Surgery is only recommended when non-surgical options fail. There are a few types of outpatient surgery to remove pressure on the Median Nerve:

Open Release

The surgeon uses a local or regional anesthetic to numb the hand. For this procedure, Dr. Berry makes a 2-3” opening along the palm. This allows the surgeon access to the Transverse Carpal Ligament, or the roof of the Carpal Tunnel. Dr. Berry then makes an incision in the Transverse Carpal Ligament to open the tunnel, making it larger. By doing this, pressure is taken off of the median nerve. The surgery time for an Open Release is about fifteen minutes.

Endoscopic Carpal Tunnel Release

This type of surgery is done using an endoscope placed in a small incision and may be used in conjunction with a camera or video system. Endoscopic Carpal Tunnel Release most often uses a local or regional anesthetic to numb the wrist and hand area. In some cases, individuals are sedated for the surgery. Dr. Berry makes a small opening below the crease of the wrist and inserts the endoscope to view the Carpal Tunnel. Sometimes, Dr. Berry will make a second incision in the palm of the hand. Dr. Berry then places a tube called a cannula along the side of the Median Nerve. He inserts a special surgical instrument through the cannula that makes an incision in the Transverse Carpal Ligament.

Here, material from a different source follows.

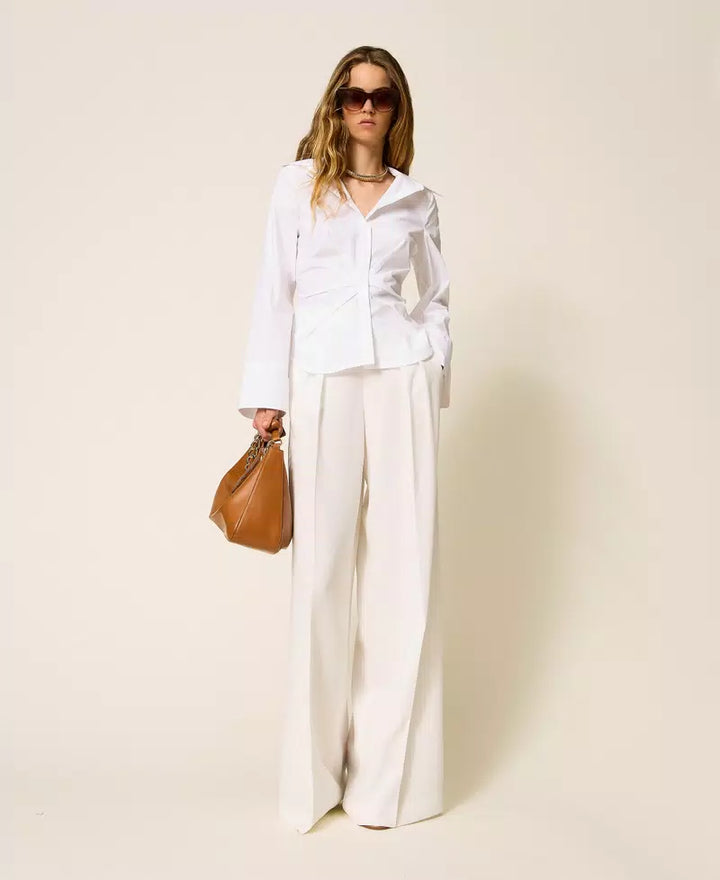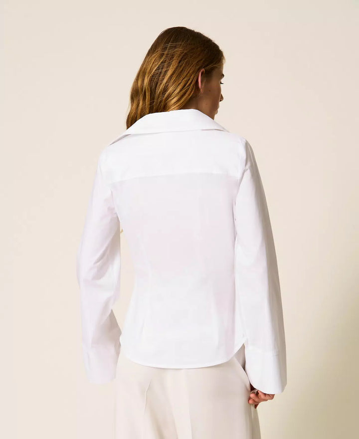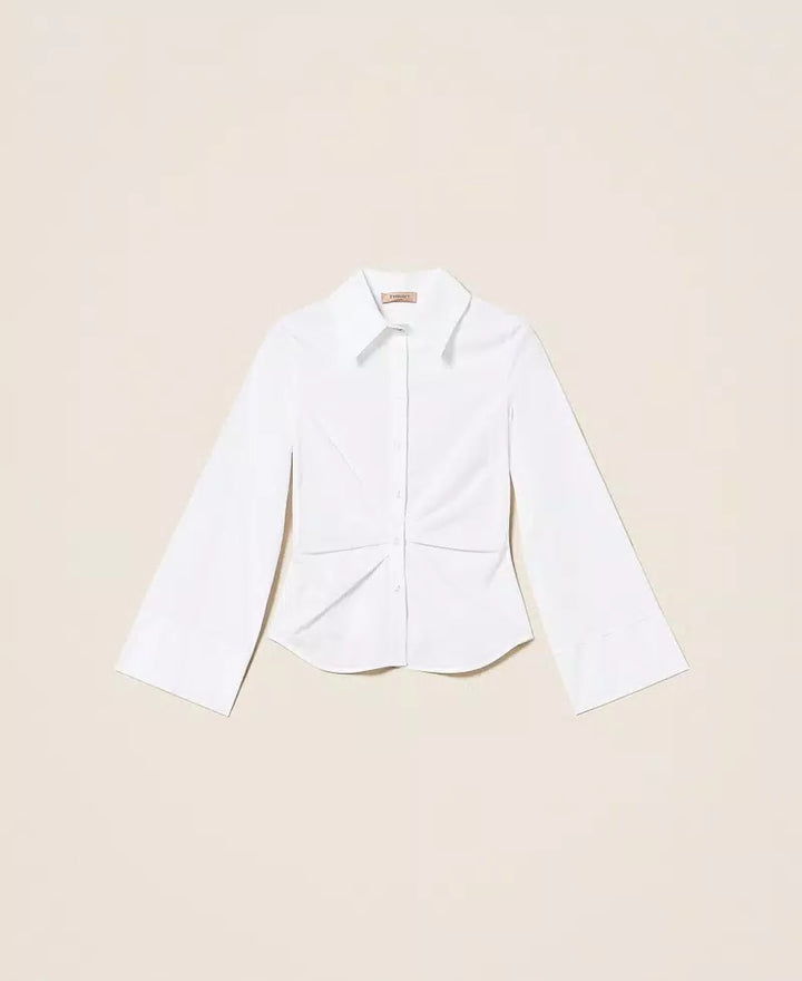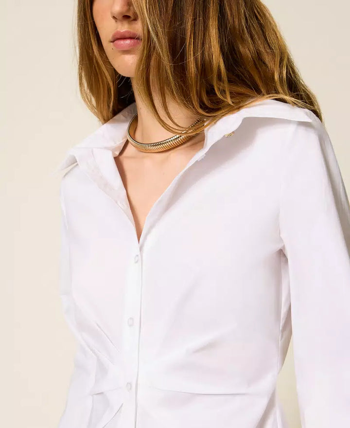 Apportez une touche d’élégance à votre garde-robe avec cette chemise femme en popeline de coton stretch. Son drapé et ses plis à la taille mettent la silhouette en valeur, tandis que sa fermeture boutonnée, ses manches longues et ses poignets à boutons offrent un confort chic au quotidien. Avec sa coupe slim raffinée, cette pièce issue de la collection Archive Twinset s’inspire des pièces iconiques Twinset, pour un style féminin et intemporel.

Endoscopic Carpal Tunnel Release avoids some of the tissue in the palm.

Individuals may heal faster and experience less discomfort.

Following Carpal Tunnel Syndrome surgery, the incision will be wrapped in a soft dressing. It may be recommended that you wear a splint to provide support and promote healing. You should be able to move your fingers immediately after surgery. However, you will need to avoid heavy grasping or pinching motions for about six weeks. Dr. Berry may recommend that you undergo some physical therapy to gain strength, joint stability, and coordination. It may take several months for strength in the wrist and hand to return to its normal condition.

The Median Nerve passes from the arm, through the wrist, and into the fingers. In the center of the wrist joint, the Median nerve passes through the Carpal Tunnel. The wrist bones form the bottom of the Carpal Tunnel. The Transverse Carpal Ligament covers the top. In addition to the Median Nerve, the Carpal Tunnel also is made up of many tendons. These tendons attach to the muscles, allowing our fingers to bend or flex.

The Median Nerve supplies the sense of feeling to our thumb, index finger, middle finger, and about half of the ring finger. The Median Nerve also sends messages to the Thenar Muscles that move the thumb. When compressed inside the Carpal Tunnel, the Median Nerve sends faulty messages as it travels into the hand and fingers.